**Assignment**. Pictures aside, the output must consist of the lines from the one containing "- 🚕 택시: 사천 IC 또는 진주혁신도시에서 약 20~25분 거리" through the end of the data, reproduced exactly.

**Provided data**.

────────────────────────────────────────

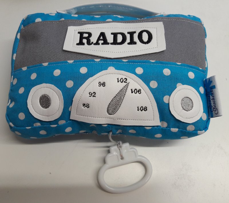 verwendete Materialien: Baumwollstoff, Kunstleder, Füllwatte, Spieluhr mit Kordel, Satinband
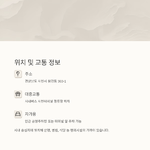 - 🚕 택시: 사천 IC 또는 진주혁신도시에서 약 20~25분 거리
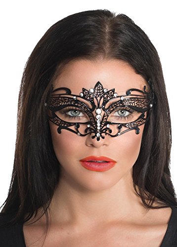 -. Brand : Elevate Costumes -. ClothingSize : One Size -. Color : Black -. Department : womens -. EAN : 0616983173275 -. Feature : Black metal masquerade mask in a delicate laser cut design with silver crystals all over. / Can be gently bent to suit the shape of your face. / Secures with black ribbons on either side of the face. / Mask is 2 3/4" high and 7" wide. -. Label : Elevate -. Manufacturer : Elevate -. ProductGroup : Apparel -. ProductTypeName : APPAREL -. Publisher : Elevate -. Size : One Size -. Studio : Elevate -. Title : Shiny Black Metal Masquerade Mask with Rhinestones by Elevate Costumes -. UPC : 616983173275
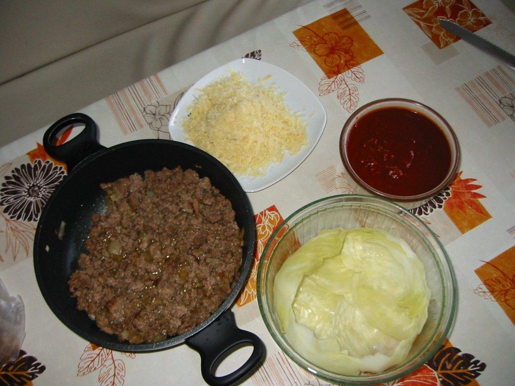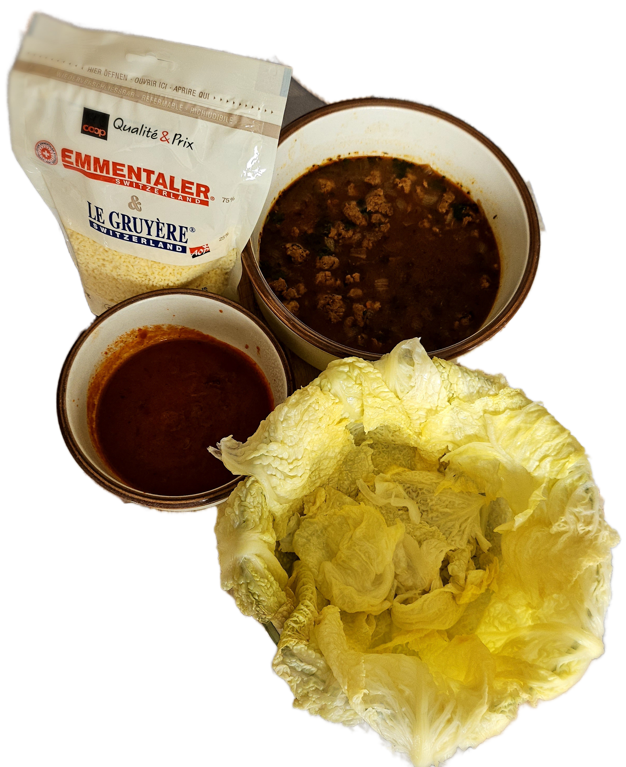 - Glasschale schichtweise belegen: Gehacktes, Tomatensauce, Käse, Kohlblätter und…wieder von Vorne…..

────────────────────────────────────────

**Response for this exercise**.
 - 🚕 택시: 사천 IC 또는 진주혁신도시에서 약 20~25분 거리
 -. Brand : Elevate Costumes -. ClothingSize : One Size -. Color : Black -. Department : womens -. EAN : 0616983173275 -. Feature : Black metal masquerade mask in a delicate laser cut design with silver crystals all over. / Can be gently bent to suit the shape of your face. / Secures with black ribbons on either side of the face. / Mask is 2 3/4" high and 7" wide. -. Label : Elevate -. Manufacturer : Elevate -. ProductGroup : Apparel -. ProductTypeName : APPAREL -. Publisher : Elevate -. Size : One Size -. Studio : Elevate -. Title : Shiny Black Metal Masquerade Mask with Rhinestones by Elevate Costumes -. UPC : 616983173275
 - Glasschale schichtweise belegen: Gehacktes, Tomatensauce, Käse, Kohlblätter und…wieder von Vorne…..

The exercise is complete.